Task objective: Write out the data again exactly, skipping every picture.

Data segment:
§

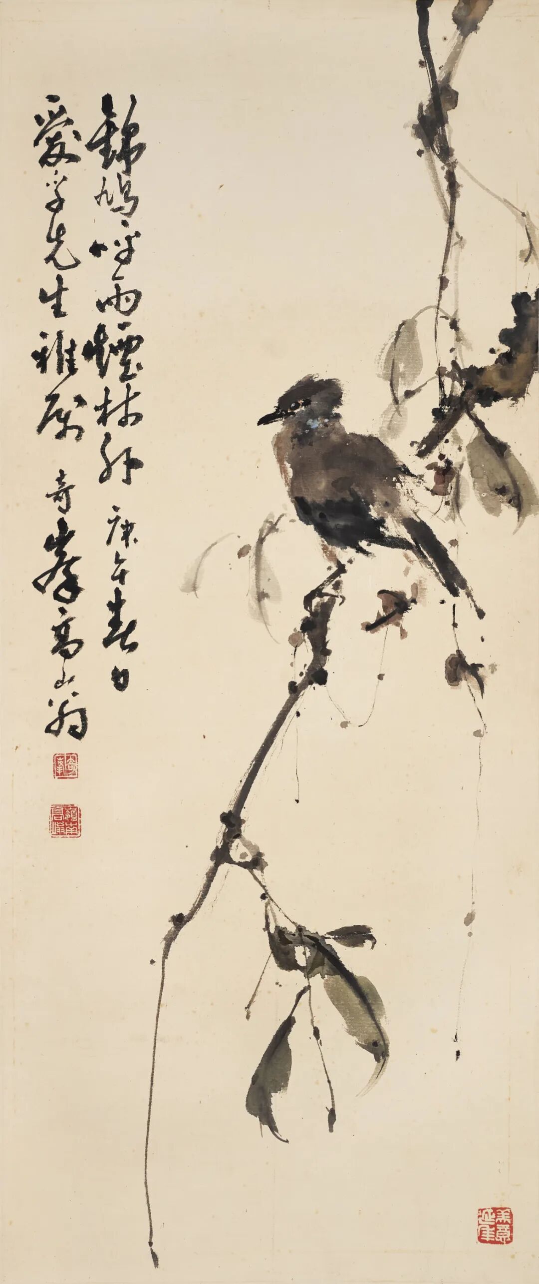 弟大人鉴正。隔山老人居廉写。居廉以花卉为主要题材,偶作人物,此作以朱砂线条绘一钟馗,手持利剑、跨步向前、眼神圆睁、瞪着从天而降的蝙蝠,形态可掬。蝠与福偕音,寓钟馗举剑引蝠之意。此帧以阔笔绘衣纹、转折处方硬有力,动态十足,衣纹下垂飞动,富有力量感,充分体现了钟魁凛然正气的精神特性。由此帧可知居廉艺术造诣的多面性,落款书法更与画作互相辉映。拍品估价:400,000 - 600,000 人民币题签款识:高奇峰先生锦鸠呼雨烟林外真迹。赵少昂题跋,衡庵署签。钤印:美意延年(白文)、奇峰(白文)、岭南高
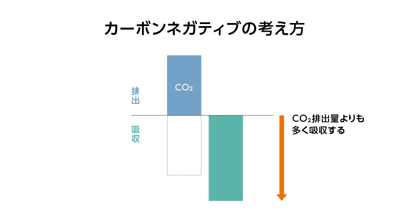 カーボンニュートラルが排出量と吸収量の差し引きゼロであるのに対して、吸収量が排出量を上回る状態です。
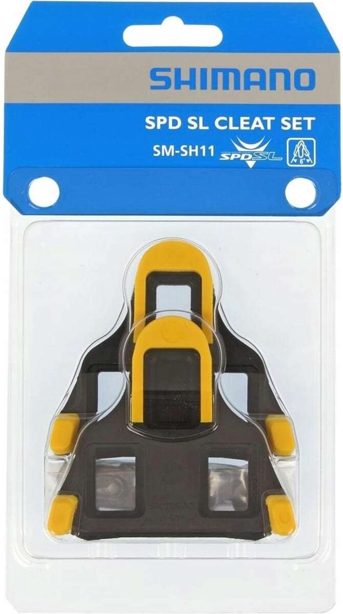 Die Shimano SM-SH11 SPD-SL Schuhplatten bieten optimalen Halt und eine seitliche Bewegungsfreiheit von 6°, ideal für komfortbewusste Rennradfahrer. Speziell für das SPD-SL Pedalsystem entwickelt, gewährleisten sie eine sichere Verbindung und effiziente Kraftübertragung. Die Cleats sind mit allen 3-Loch-Radschuhen kompatibel und einfach zu montieren. Perfekt abgestimmt auf SPD-SL Pedale, sind sie die bewährte Wahl für Training und Wettkampf. Zuverlässig, langlebig und präzise gefertigt für höchste Performance auf der Straße.

§

Reply to the task:
 弟大人鉴正。隔山老人居廉写。居廉以花卉为主要题材,偶作人物,此作以朱砂线条绘一钟馗,手持利剑、跨步向前、眼神圆睁、瞪着从天而降的蝙蝠,形态可掬。蝠与福偕音,寓钟馗举剑引蝠之意。此帧以阔笔绘衣纹、转折处方硬有力,动态十足,衣纹下垂飞动,富有力量感,充分体现了钟魁凛然正气的精神特性。由此帧可知居廉艺术造诣的多面性,落款书法更与画作互相辉映。拍品估价:400,000 - 600,000 人民币题签款识:高奇峰先生锦鸠呼雨烟林外真迹。赵少昂题跋,衡庵署签。钤印:美意延年(白文)、奇峰(白文)、岭南高
 カーボンニュートラルが排出量と吸収量の差し引きゼロであるのに対して、吸収量が排出量を上回る状態です。
 Die Shimano SM-SH11 SPD-SL Schuhplatten bieten optimalen Halt und eine seitliche Bewegungsfreiheit von 6°, ideal für komfortbewusste Rennradfahrer. Speziell für das SPD-SL Pedalsystem entwickelt, gewährleisten sie eine sichere Verbindung und effiziente Kraftübertragung. Die Cleats sind mit allen 3-Loch-Radschuhen kompatibel und einfach zu montieren. Perfekt abgestimmt auf SPD-SL Pedale, sind sie die bewährte Wahl für Training und Wettkampf. Zuverlässig, langlebig und präzise gefertigt für höchste Performance auf der Straße.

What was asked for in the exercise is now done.